Francisco Barreto de Meneses (1616 – 21 January 1688) was a Portuguese military officer and a colonial administrator in the colonies of São Tomé and Príncipe and Brazil.

He was born during the Iberian Union and his Portuguese father was a military officer at Peru. A brave soldier, he was chosen to command the colonial troops in the uprising that took place in Pernambuco which drove out the Dutch from the Northeast of Brazil, finishing the 24-year-long Dutch occupation of Brazil.

He arrived in the colony of Brazil in 1647, was arrested but managed to escape.

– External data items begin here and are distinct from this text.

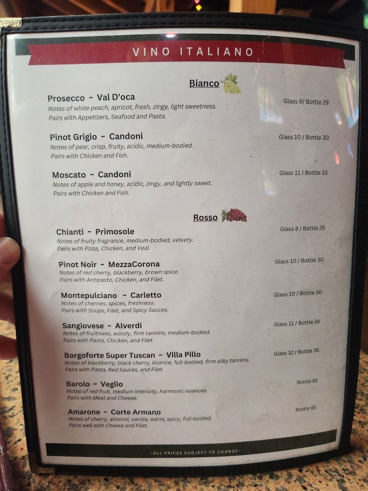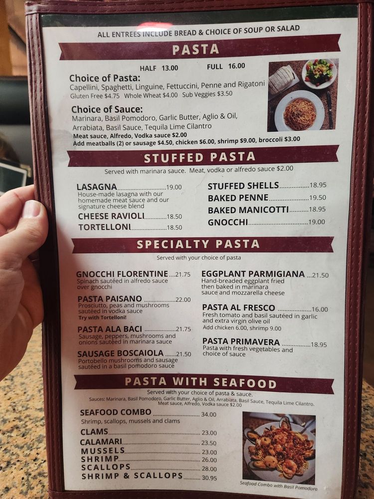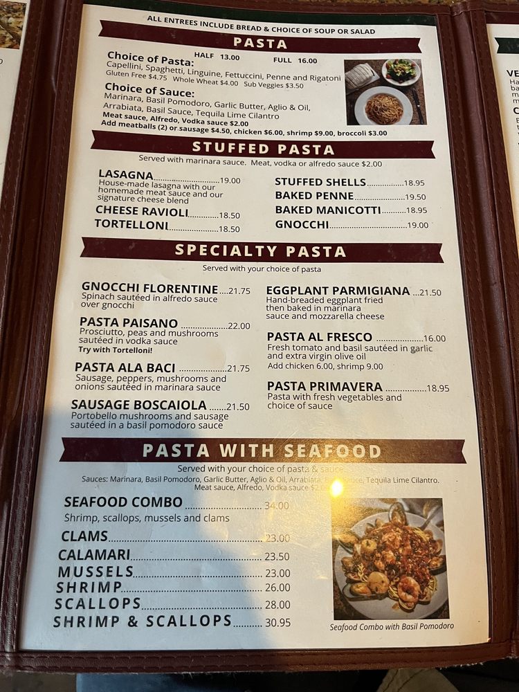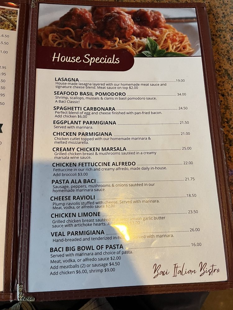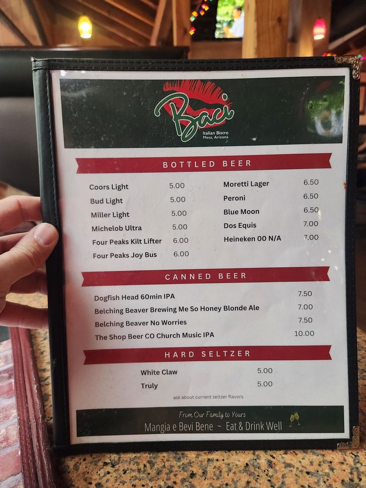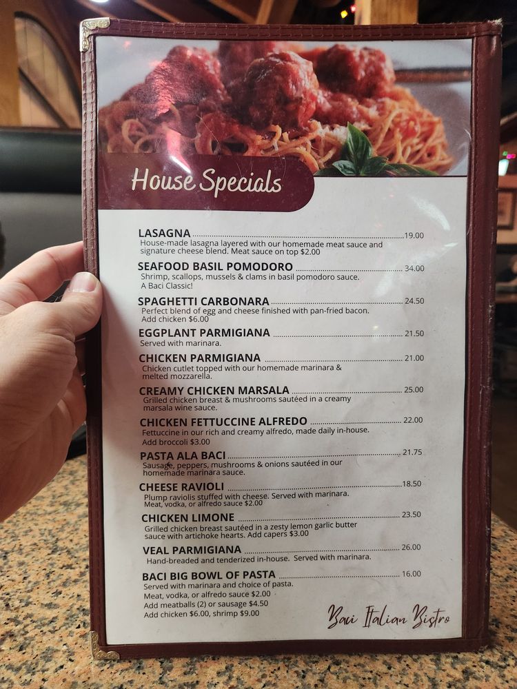 Introducing the menu at Baci Italian Bistro, a cozy spot in Mesa, AZ, serving up delicious pizza, authentic Italian dishes, and fresh seafood. From their homemade bread to their savory sauces, each dish is made with care and attention to detail. With amenities like outdoor seating, full bar, and wheelchair accessibility, Baci Italian Bistro caters to a wide range of diners. Customers rave about the generous portions, friendly service, and overall enjoyable dining experience. Whether you're looking for a quick meal to-go or a sit-down dinner, Baci Italian Bistro is a great choice. Don't miss out on their homemade tiramisu or classic Chicken Parmigiana. With a welcoming atmosphere and flavorful dishes, Baci Italian Bistro is a must-visit for Italian food lovers.
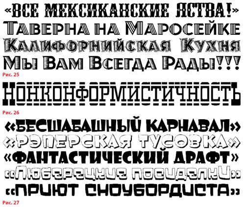 Все представленные на рис. 25 шрифты принадлежат к одной и той же гарнитуре, своим геометризированным дизайном близкой к традициям 30х годов, а в плане гравировки восходящей к до сих пор популярному в США «мексиканскому» декору. Разумеется, у этой гарнитуры нет прямых ксилотипических шрифтовых прообразов, хотя примененные техники декора вполне могут быть соотнесены с гравюрами по дереву в стилистике «афролатина».
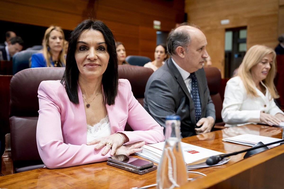 La consejera de Educación, Ciencia y Universidades de la Comunidad de Madrid, María Mercedes Zarzalejo (i), durante una sesión plenaria en la Asamblea de Madrid, a 12 de marzo de 2026, en Madrid (España). - A. Pérez Meca - Europa Press
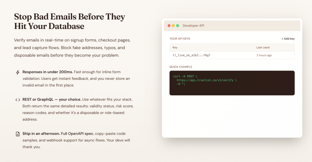 AI and Developer Tooling: A dedicated MCP (Model Context Protocol) server enables AI coding assistants — including Claude, Cursor, and VS Code extensions — to validate emails natively. Agent skills are also available to teach AI tools how to use the Truelist API in code generation contexts.

With the rank of "Master-of-Field-General" (in Portuguese Mestre-de-Campo-General) he commanded the "Patriot Army" of 25,000 men, composed of four Terços, led by Fernandes Vieira, André Vidal de Negreiros, Henrique Dias and Filipe Camarão, beating the Dutch in the First and Second Battle of Guararapes in 1648 and 1649. For such achievement he was awarded with the title of "Restorer of Pernambuco".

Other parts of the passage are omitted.